■ Data supplied:
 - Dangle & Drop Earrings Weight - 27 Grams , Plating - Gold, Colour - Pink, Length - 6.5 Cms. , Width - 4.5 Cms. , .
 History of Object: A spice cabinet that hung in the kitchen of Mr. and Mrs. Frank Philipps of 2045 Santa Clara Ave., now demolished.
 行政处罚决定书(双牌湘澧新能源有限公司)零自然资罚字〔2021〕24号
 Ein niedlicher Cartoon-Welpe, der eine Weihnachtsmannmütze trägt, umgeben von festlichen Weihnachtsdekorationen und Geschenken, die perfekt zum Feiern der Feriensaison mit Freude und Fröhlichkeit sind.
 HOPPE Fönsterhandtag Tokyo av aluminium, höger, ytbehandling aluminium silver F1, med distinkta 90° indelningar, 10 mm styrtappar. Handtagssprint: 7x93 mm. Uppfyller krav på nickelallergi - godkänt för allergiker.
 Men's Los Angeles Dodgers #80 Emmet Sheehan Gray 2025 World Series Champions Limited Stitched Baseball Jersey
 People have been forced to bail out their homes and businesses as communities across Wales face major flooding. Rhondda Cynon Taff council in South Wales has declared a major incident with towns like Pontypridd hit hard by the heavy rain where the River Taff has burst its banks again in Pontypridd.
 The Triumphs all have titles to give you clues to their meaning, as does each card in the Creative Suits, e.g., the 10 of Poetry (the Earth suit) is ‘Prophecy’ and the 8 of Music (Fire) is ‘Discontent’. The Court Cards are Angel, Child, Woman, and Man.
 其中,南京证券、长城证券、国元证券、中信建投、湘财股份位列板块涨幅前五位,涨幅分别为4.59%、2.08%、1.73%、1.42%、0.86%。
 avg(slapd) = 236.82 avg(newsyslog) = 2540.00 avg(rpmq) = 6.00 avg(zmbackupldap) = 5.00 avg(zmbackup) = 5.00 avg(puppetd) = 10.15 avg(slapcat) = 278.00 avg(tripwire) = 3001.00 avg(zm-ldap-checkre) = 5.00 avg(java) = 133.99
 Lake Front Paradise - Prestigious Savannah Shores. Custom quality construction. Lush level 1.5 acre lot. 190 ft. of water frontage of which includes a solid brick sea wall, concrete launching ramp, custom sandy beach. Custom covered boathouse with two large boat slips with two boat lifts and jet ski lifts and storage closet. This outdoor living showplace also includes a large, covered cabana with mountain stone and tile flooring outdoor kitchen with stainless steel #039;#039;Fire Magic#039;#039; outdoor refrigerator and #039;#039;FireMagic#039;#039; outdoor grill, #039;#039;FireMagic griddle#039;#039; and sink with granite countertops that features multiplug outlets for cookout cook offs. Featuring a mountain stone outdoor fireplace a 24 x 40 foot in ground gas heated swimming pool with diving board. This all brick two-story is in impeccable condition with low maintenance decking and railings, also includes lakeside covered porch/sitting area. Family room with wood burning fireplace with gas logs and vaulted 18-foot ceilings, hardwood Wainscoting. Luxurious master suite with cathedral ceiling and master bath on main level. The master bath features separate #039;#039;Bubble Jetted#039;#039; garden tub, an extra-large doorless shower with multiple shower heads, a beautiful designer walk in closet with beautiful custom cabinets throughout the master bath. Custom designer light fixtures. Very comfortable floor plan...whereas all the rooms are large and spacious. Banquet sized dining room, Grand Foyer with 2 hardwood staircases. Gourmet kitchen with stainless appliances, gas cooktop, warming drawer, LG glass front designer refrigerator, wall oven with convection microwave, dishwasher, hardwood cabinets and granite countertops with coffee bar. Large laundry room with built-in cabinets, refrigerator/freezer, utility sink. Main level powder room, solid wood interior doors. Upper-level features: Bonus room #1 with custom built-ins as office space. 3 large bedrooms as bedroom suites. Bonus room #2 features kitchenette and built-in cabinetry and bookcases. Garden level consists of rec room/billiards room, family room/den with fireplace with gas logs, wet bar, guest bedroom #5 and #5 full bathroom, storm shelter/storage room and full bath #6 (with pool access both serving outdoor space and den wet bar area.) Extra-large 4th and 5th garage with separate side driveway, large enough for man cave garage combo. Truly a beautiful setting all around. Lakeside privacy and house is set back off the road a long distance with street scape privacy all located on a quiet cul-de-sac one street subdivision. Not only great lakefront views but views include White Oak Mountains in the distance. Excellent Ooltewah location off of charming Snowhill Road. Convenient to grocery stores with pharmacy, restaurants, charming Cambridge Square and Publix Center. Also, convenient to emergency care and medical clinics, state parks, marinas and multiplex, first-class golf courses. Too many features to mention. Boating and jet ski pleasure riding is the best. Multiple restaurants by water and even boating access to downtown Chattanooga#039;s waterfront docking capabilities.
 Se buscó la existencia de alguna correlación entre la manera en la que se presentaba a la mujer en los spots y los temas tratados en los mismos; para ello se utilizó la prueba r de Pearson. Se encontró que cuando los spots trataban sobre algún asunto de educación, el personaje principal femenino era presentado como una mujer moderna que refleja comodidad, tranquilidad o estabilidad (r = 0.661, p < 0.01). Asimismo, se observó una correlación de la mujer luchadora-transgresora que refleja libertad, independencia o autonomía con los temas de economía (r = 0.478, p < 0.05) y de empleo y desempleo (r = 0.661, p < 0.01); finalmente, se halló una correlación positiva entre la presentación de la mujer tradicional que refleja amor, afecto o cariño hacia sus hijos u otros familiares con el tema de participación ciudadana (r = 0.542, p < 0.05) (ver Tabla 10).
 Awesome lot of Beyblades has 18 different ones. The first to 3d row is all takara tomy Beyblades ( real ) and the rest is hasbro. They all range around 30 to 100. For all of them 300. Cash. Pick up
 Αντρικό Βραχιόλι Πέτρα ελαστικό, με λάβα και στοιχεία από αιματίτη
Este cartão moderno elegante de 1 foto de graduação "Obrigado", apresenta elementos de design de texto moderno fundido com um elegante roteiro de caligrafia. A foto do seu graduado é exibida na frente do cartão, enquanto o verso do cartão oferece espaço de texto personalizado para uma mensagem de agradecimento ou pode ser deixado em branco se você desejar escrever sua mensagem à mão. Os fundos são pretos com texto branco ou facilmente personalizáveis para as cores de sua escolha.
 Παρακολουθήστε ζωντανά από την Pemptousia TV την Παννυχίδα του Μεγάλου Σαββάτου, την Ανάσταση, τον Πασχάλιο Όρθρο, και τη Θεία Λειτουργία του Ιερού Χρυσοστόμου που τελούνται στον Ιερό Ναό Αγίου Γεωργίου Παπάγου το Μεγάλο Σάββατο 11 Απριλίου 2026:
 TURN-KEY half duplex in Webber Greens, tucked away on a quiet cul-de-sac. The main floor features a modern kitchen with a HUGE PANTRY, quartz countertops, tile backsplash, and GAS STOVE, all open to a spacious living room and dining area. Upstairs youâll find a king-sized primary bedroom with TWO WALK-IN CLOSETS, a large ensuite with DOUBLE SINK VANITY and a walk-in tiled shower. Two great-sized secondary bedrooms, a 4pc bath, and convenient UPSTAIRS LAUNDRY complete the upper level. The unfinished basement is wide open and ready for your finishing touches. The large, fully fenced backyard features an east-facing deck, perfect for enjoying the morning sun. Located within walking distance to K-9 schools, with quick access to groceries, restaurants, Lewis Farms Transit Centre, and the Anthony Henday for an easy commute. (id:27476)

■ Your goal: Your answer should consist of all lines in the listing above that contain "their".

■ The completed task:
 People have been forced to bail out their homes and businesses as communities across Wales face major flooding. Rhondda Cynon Taff council in South Wales has declared a major incident with towns like Pontypridd hit hard by the heavy rain where the River Taff has burst its banks again in Pontypridd.
 The Triumphs all have titles to give you clues to their meaning, as does each card in the Creative Suits, e.g., the 10 of Poetry (the Earth suit) is ‘Prophecy’ and the 8 of Music (Fire) is ‘Discontent’. The Court Cards are Angel, Child, Woman, and Man.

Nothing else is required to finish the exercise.